Murder rates increased after the 1840s, by which time these armament requirements were no longer enforced and per capita gun ownership had become much lower. From the 1860s on, gun ownership increased sharply. Millions of men came home from the Civil War with their weapons; and firearms were even more widely distributed in the era of cheap pot metal guns (the “two dollar pistol”) that followed. But this vast increase in guns — much deadlier guns than ever before — from the 1860s onward was accompanied by a substantially decreasing murder rate.
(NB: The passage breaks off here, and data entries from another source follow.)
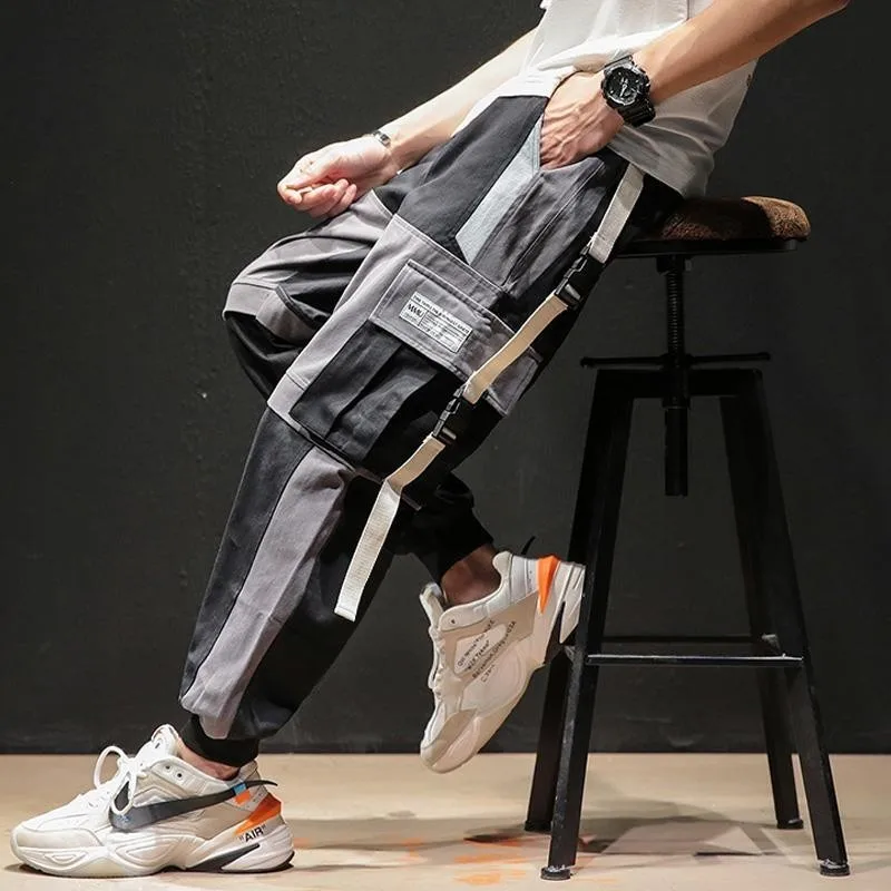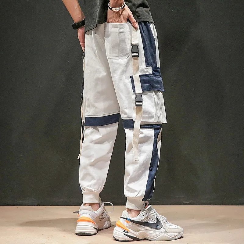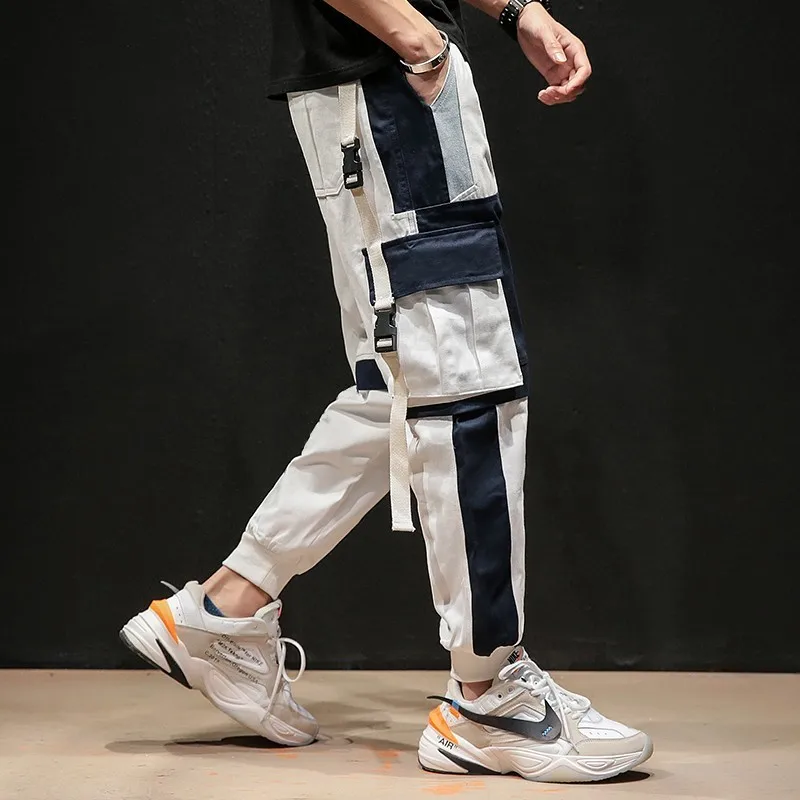 Брюки-карго мужские хлопковые, с эластичной резинкой на талии, уличная одежда длиной до бедер ленты, 2019
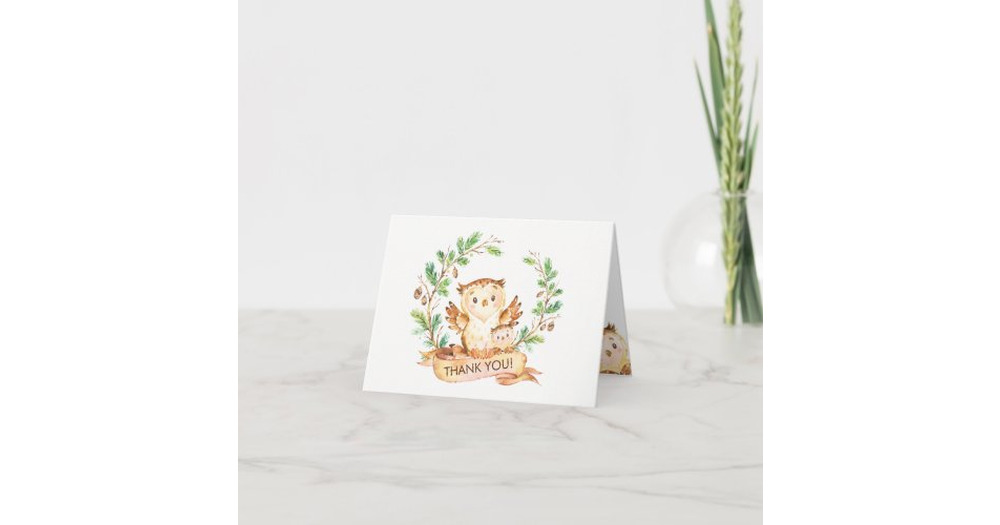 Woodland Owl Baby Shower Thank You Note
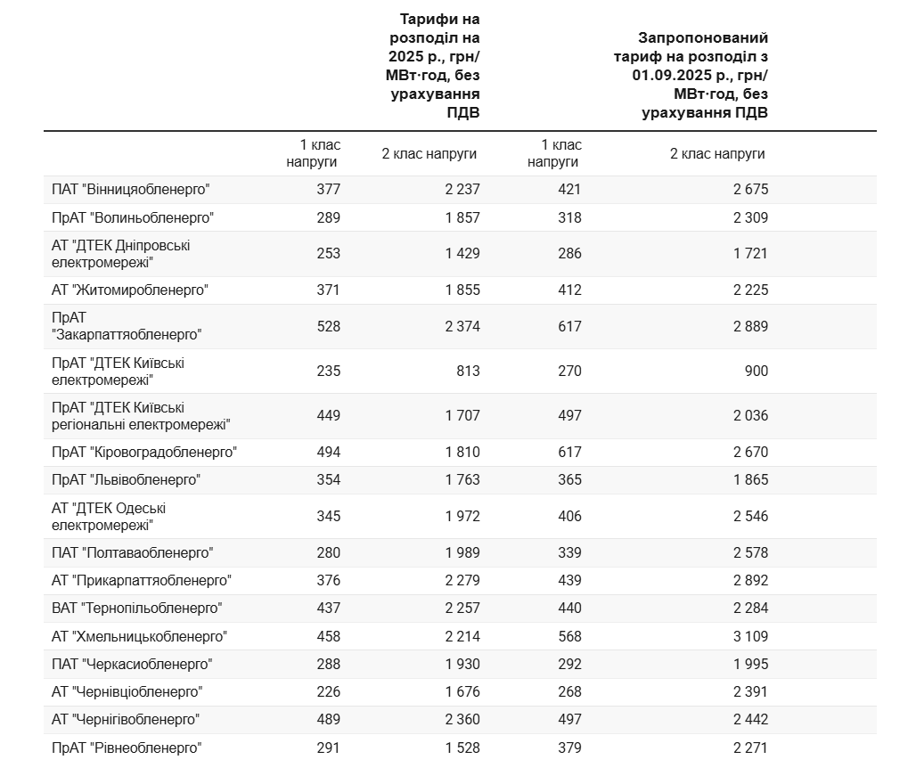 Наибольшее повышение ожидается для Ривнеоблэнерго, Кировоградоблэнерго и Хмельницкоблэнерго. Наименьший рост прогнозируется для Черниговоблэнерго, Черкассыоблэнерго и Львовоблэнерго.

A few 19th century American states adopted gun controls because they had (and still have) severe violent crime rates. In most states, murders were few despite high gun ownership and virtually no gun control. Likewise, Europe had low murder rates prior to World War I despite high gun ownership and virtually no controls. Severe European gun laws appeared (for political reasons) in the tumultuous post-World War I era. Despite ever-stricter gun laws, both political and apolitical violence has increased apace in Europe.

If anything, a review of the European experience demonstrates more guns correlating with less murder. Nine European nations (including Germany, Austria, Denmark and Norway) have more than 15,000 guns per 100,000 members of the population. Nine others (including Luxembourg, Russia, and Hungary) have fewer than 5,000 guns per 100,000 members of the population. But the aggregate murder rates of these nine low-gun-ownership nations are three times higher than those of the nine high-gun-ownership nations.
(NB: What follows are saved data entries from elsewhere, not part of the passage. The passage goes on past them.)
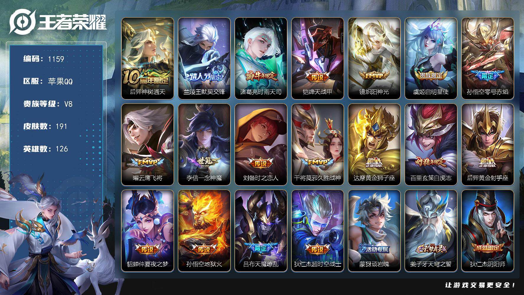 PX_2258963-【191皮18传说,白虎志,炽阳神光,地狱火,天魔缭乱,仲夏夜之梦】苹果Q-V8-尊贵铂金I段位-126英雄-191皮肤-0典藏-0珍品无双-0无双-0珍品传说-18传说-57史诗 【传说皮肤】:后羿神树通天,兰陵王默契交锋,诸葛亮时雨天司,铠绛天战甲,镜炽阳神光,虞姬启明星使,孙悟空零号赤焰,曜云鹰飞将,李信一念神魔,刘备时之恋人,干将莫邪久胜战神,达摩黄金狮子座,百里玄策白虎志,后羿黄金射手座,貂蝉仲夏夜之梦,孙悟空地狱火,吕布天魔缭乱,狄仁杰超时空战士 【限定皮肤】:蒙犽顽岩魄,姜子牙天穹之誓,狄仁杰阴阳师,赵云皇家上将,赵云龙胆,墨子神迹守卫,嬴政优雅恋人,鲁班七号乒乒小将,阿轲迷踪丽影,吕布天魔缭乱,元歌云间偶戏,马可波罗暗影游猎,狄仁杰魔术师,狄仁杰万华元夜,项羽海滩派对,老夫子醍醐杖,老夫子航海奇遇记,关羽冰锋战神,程咬金演武夺筹,刘邦夺宝奇兵,兰陵王默契交锋,花木兰默契交锋,亚瑟潮玩骑士王,孙悟空至尊宝,孙悟空大圣娶亲,孙悟空零号赤焰,虞姬启明星使,钟馗驱傩正仪,雅典娜单词大作战,雅典娜黎明之约,鬼谷子原初探秘者,诸葛亮时雨天司,百里玄策白虎志,弈星混沌棋,明世隐疑决卦,裴擒虎天狼狩猎者,裴擒虎李小龙,云中君纤云弄巧,猪八戒西部大镖客,上官婉儿天狼绘梦者,蒙犽狂想玩偶喵,鬼谷子天穹祈灯,沈梦溪龙舞盛年,鲁班七号蔬乡物语,李元芳蔬乡物语,刘邦剑破天穹,程咬金群星魔术团,周瑜熔金海岸 【年限皮肤】:百里玄策白虎志,诸葛亮时雨天司,马超神威,赵云龙胆 【赛季限定】:狄仁杰万华元夜,老夫子醍醐杖,程咬金演武夺筹,钟馗驱傩正仪,雅典娜黎明之约,鬼谷子原初探秘者,弈星混沌棋,明世隐疑决卦,鬼谷子天穹祈灯,刘邦剑破天穹,姜子牙天穹之誓 【战令限定】:墨子神迹守卫,阿轲迷踪丽影,元歌云间偶戏,马可波罗暗影游猎,老夫子航海奇遇记,刘邦夺宝奇兵,亚瑟潮玩骑士王,雅典娜单词大作战,猪八戒西部大镖客,蒙犽狂想玩偶喵,鲁班七号蔬乡物语,李元芳蔬乡物语 【史诗皮肤】:项羽苍穹之光,露娜紫霞仙子,阿轲暗夜猫娘,赵云皇家上将,甄姬冰雪圆舞曲,狄仁杰魔术师,宫本武藏鬼剑武藏,嬴政优雅恋人,嬴政摇滚巨星,妲己魅力维加斯,妲己女仆咖啡,墨子龙骑士,刘禅绅士熊喵,曹操幽灵船长,李白千年之狐,吕布末日机甲,张飞乱世虎臣,关羽冰锋战神,孙悟空至尊宝,花木兰水晶猎龙者,刘邦德古拉伯爵,夏侯惇乘风破浪,小乔缤纷独角兽,兰陵王暗隐猎兽者,雅典娜冰冠公主,安琪拉心灵骇客,百里守约特工魅影,铠曙光守护者,李元芳逐浪之夏,程咬金功夫厨神,白起星夜王子,孙策猫狗日记,孙悟空大圣娶亲,伽罗箭羽风息,裴擒虎天狼狩猎者,狄仁杰鹰眼统帅,公孙离无限星赏官,娜可露露晚萤,不知火舞魅语,阿轲迷踪丽影,橘右京修罗,马超神威,赵云龙胆,孙尚香时之恋人,上官婉儿天狼绘梦者,马可波罗暗影游猎,蒙犽狂想玩偶喵,裴擒虎李小龙,云中君纤云弄巧,元歌云间偶戏,花木兰默契交锋,百里玄策热力回旋,老夫子航海奇遇记,鲁班七号乒乒小将,雅典娜黎明之约,鲁班七号蔬乡物语,蒙犽顽岩魄 【其他皮肤】:项羽海滩派对,韩信街头霸王,露娜哥特玫瑰,阿轲爱心护理,达摩大发明家,赵云忍炎影,芈月红桃皇后,白起白色死神,牛魔西部大镖客,扁鹊化身博士,宫本武藏未来纪元,安琪拉玩偶对对碰,亚瑟死亡骑士,达摩拳王,花木兰兔女郎,宫本武藏万象初新,后羿阿尔法小队,狄仁杰阴阳师,关羽龙腾万里,钟无艳海滩丽影,狂铁命运角斗场,老夫子功夫老勺,苏烈坚韧之力,大乔守护之力,吕布野性能量,沈梦溪鲨炮海盗猫,弈星混沌棋,哪吒次元突破,明世隐疑决卦,刘邦夺宝奇兵,盾山圆桌骑士,老夫子醍醐杖,猪八戒西部大镖客,狂铁特工战影,廉颇无尽征程,鬼谷子原初探秘者,雅典娜单词大作战,狄仁杰万华元夜,亚瑟潮玩骑士王,杨戬次元傲视,露娜瓷语鉴心,程咬金演武夺筹,张良缤纷绘卷,盘古重装意志,钟馗驱傩正仪,墨子神迹守卫,鲁班大师乓乓大师,程咬金无双福将,刘禅唤灵魔甲,蒙恬蔚蓝守将,猪八戒潮玩探月行,莱西奥西部游侠,亚连破局者,后羿完美运算,鬼谷子天穹祈灯,廉颇功夫炙烤,沈梦溪龙舞盛年,钟无艳春野之旅,李元芳蔬乡物语,刘邦剑破天穹,程咬金群星魔术团,大司命暗都幽影,姜子牙天穹之誓,周瑜熔金海岸,露娜命运加冕,姬小满小满鸭,艾琳鹤鸣心笺,鲁班七号福禄兄弟,高渐离金属狂潮,项羽帝国元帅,花木兰剑舞者,狄仁杰锦衣卫,张良一千零一夜,小乔万圣前夜,孙膑未来旅行,孙悟空西部大镖客,周瑜海军大将,后羿精灵王,刘禅英喵野望,兰陵王隐刃,李白范海辛,刘邦圣殿之光,马可波罗激情绿茵,苍维京掠夺者,杨戬埃及法老,太乙真人圆桌骑士,黄忠芝加哥教父,东皇太一东海龙王,干将莫邪第七人偶,鬼谷子阿摩司公爵,铠龙域领主,百里守约绝影神枪,百里玄策威尼斯狂欢,苏烈爱与和平,女娲尼罗河女神,公孙离花间舞,杨玉环霓裳曲,裴擒虎街头旋风,米莱狄精准探案法,元歌午夜歌剧院,司马懿魇语军师,伽罗花见巫女,李信灼热之刃,上官婉儿修竹墨客,嫦娥露花倒影,盘古创世神祝,云中君荷鲁斯之眼,曜归虚梦演,马超幸存者,鲁班大师归虚梦演,蒙犽归虚梦演,镜冰刃幻境,蒙恬秩序猎龙将,澜孤猎,司空震启蛰,云缨赤焰之缨 【内测皮肤】:嬴政优雅恋人,狂铁特工战影 【营地ID】:2147213672
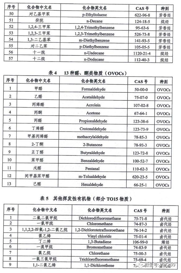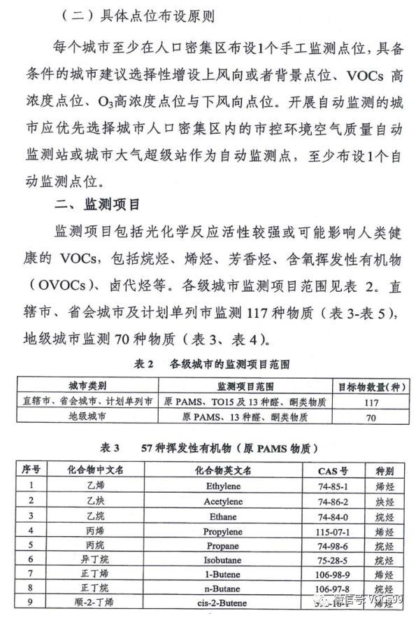 監(jiān)測項目包括光化學反應(yīng)活性較強或可能影響人類健康的VOCs,包括烷烴、烯烴、芳香烴、含氧揮發(fā)性有機物(OVOCS)、鹵代烴等。各級城市監(jiān)測項目范圍見表2。直轄市、省會城市及計劃單列市監(jiān)測117種物質(zhì)(表3-表5),地級城市監(jiān)測70種物質(zhì)(表3、表4)。
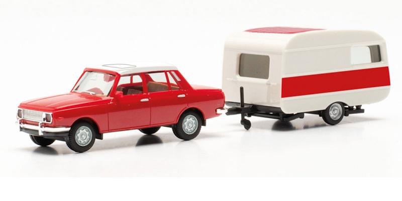 Urlaubzeit ist Reisezeit. In passend abgestimmtem Farbwechsel erscheint der Wartburg 353 82 mit einem passend gestaltetem Qek Junior Wohnwagen. Der Wartburg erhält ein drucktechnisch dargestelltes Dachfenster, sowie den Zusatzdruck "de Luxe".

Some groups, particularly the gun lobby, might argue that this shows how widespread gun ownership actually reduces violence rates. There is substantial evidence that this is true in the United States, where gun ownership for self-defense is very common. But there is no evidence that Norwegians, Germans and other Europeans often keep guns for defense.
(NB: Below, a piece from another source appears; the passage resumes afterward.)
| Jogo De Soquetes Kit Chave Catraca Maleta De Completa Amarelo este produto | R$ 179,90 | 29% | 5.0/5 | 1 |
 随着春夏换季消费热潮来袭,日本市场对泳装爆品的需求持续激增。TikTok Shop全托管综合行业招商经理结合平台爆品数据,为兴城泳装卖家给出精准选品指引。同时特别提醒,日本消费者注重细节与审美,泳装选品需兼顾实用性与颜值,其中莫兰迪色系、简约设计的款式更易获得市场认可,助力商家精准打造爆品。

The reason that European nations with more guns tend to have lower violence is political rather than criminological. Gun ownership generally has no affect on how much violent crime a society has. Violent crime is determined by fundamental economic and sociocultural factors, not the mere availability of just one of an innumerable bevy of potential murder instruments. Politicians in nations with severe crime problems often think that banning guns will be a quick fix. But gun bans don’t work; if anything, they make things worse. They disarm the law-abiding while being ignored by the violent and the criminal. Yet nations with severe violence problems tend to have severe gun laws. By the same token, the murder rates in handgun-banning U.S. cities — New York, Chicago, Washington, D.C. — are far higher than in states like Pennsylvania and Connecticut, where handguns are legal and widely owned.

In sum, banning guns to the general public increases people’s vulnerability and fails to reduce violence because the law-abiding citizenry are victims of violent crime, not perpetrators. Banning guns to felons, violent misdemeanants, juveniles and the insane (which our laws already do) is a good idea in general, though such laws are very difficult to enforce. Disarming those who only want to defend themselves, however, is a surefire road to empowering criminals at the expense of the innocent.


Don Kates is a lawyer and criminologist associated with the Independent Institute in Oakland. Carol Hehmeyer is a retired San Francisco deputy district attorney.